REQUIRED ACTION »
Look in the data below for the line that has "Bước 7: Mở ứng", then print exactly every line from there through the line that has "Вам интересно, что", leaving pictures out.

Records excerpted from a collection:
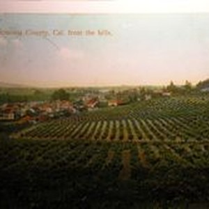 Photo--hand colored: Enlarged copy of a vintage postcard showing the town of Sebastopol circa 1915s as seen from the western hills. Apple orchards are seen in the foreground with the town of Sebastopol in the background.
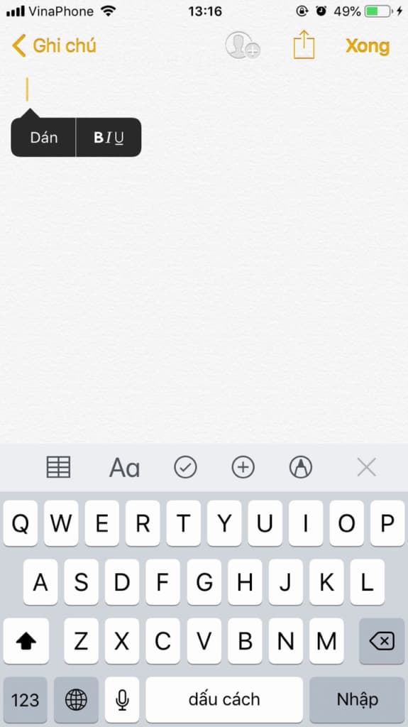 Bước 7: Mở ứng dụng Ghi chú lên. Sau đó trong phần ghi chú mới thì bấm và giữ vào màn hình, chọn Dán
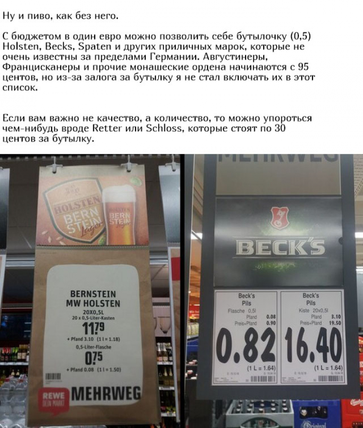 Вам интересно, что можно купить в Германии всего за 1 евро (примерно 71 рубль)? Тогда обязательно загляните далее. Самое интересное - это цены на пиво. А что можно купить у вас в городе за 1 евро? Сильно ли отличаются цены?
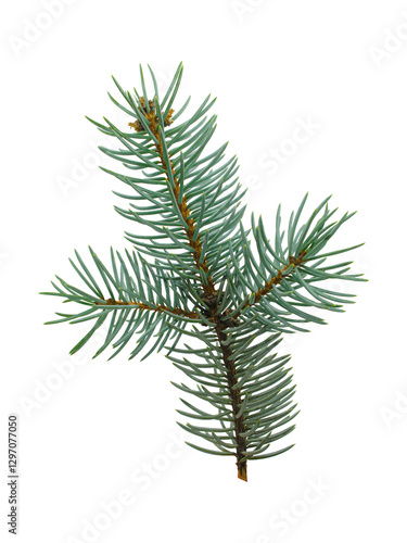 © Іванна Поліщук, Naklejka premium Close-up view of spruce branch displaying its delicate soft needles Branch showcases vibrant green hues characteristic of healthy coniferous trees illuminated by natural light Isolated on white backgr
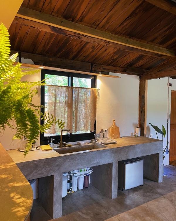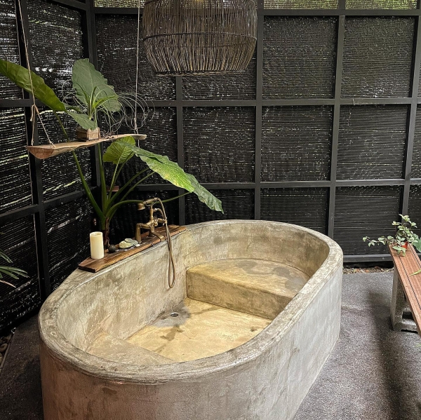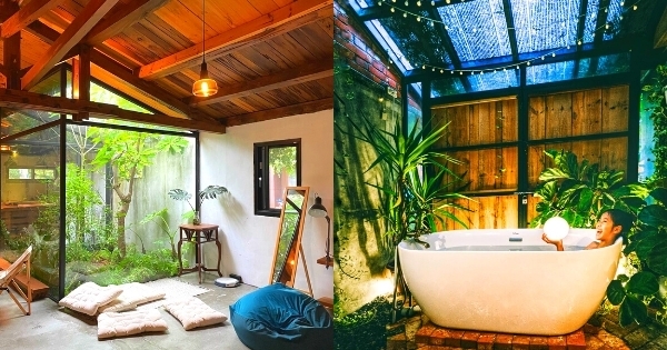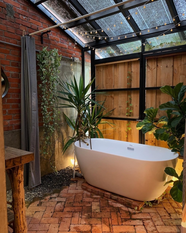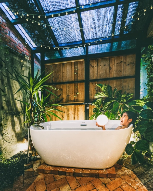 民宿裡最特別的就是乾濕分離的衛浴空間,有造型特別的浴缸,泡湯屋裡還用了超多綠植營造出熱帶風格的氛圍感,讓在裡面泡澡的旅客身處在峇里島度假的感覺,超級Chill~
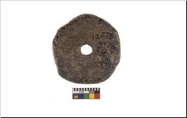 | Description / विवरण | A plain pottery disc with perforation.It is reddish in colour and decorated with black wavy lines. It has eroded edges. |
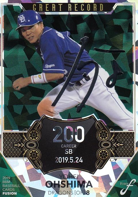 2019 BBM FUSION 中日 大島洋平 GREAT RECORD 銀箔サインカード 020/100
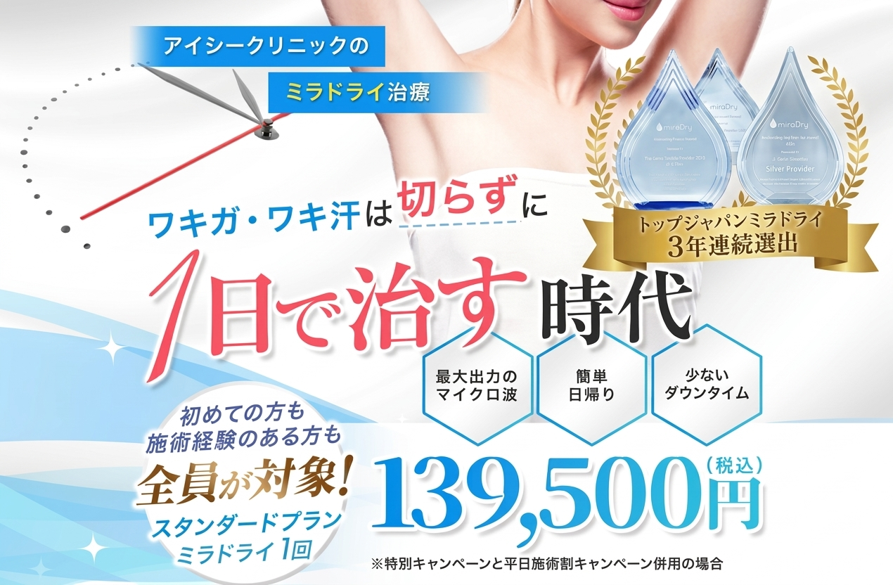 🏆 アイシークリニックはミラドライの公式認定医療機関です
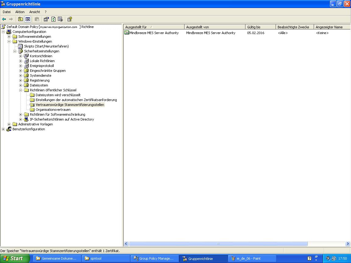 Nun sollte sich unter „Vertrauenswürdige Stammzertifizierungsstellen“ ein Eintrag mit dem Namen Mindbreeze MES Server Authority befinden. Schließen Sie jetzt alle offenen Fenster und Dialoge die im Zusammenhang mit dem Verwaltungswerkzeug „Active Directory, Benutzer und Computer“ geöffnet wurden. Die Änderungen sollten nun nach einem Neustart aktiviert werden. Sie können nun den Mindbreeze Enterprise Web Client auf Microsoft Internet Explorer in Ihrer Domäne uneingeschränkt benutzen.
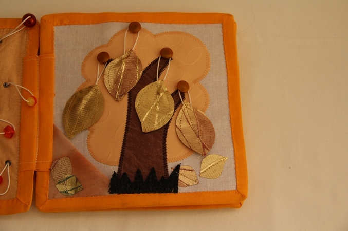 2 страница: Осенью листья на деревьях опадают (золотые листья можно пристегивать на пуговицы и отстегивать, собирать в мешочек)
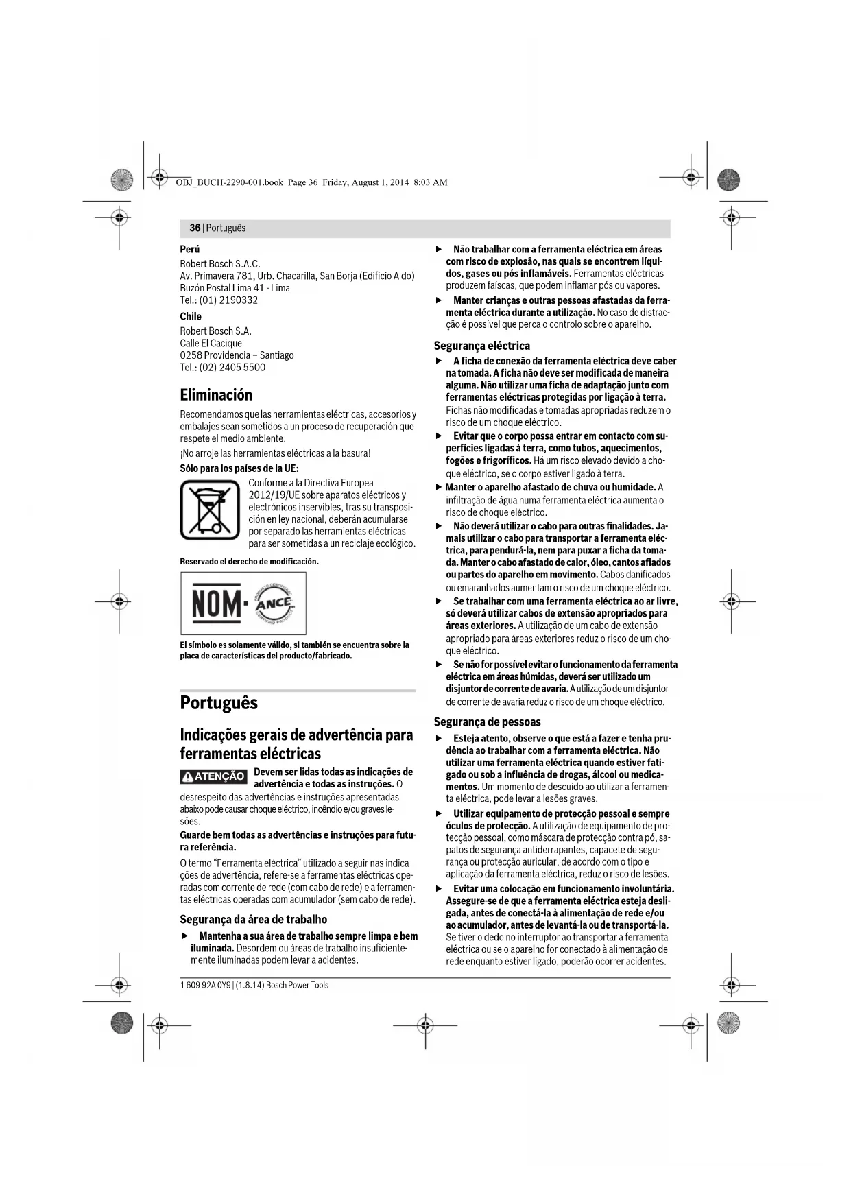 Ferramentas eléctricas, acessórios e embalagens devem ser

WRITTEN ANSWER »
 Bước 7: Mở ứng dụng Ghi chú lên. Sau đó trong phần ghi chú mới thì bấm và giữ vào màn hình, chọn Dán
 Вам интересно, что можно купить в Германии всего за 1 евро (примерно 71 рубль)? Тогда обязательно загляните далее. Самое интересное - это цены на пиво. А что можно купить у вас в городе за 1 евро? Сильно ли отличаются цены?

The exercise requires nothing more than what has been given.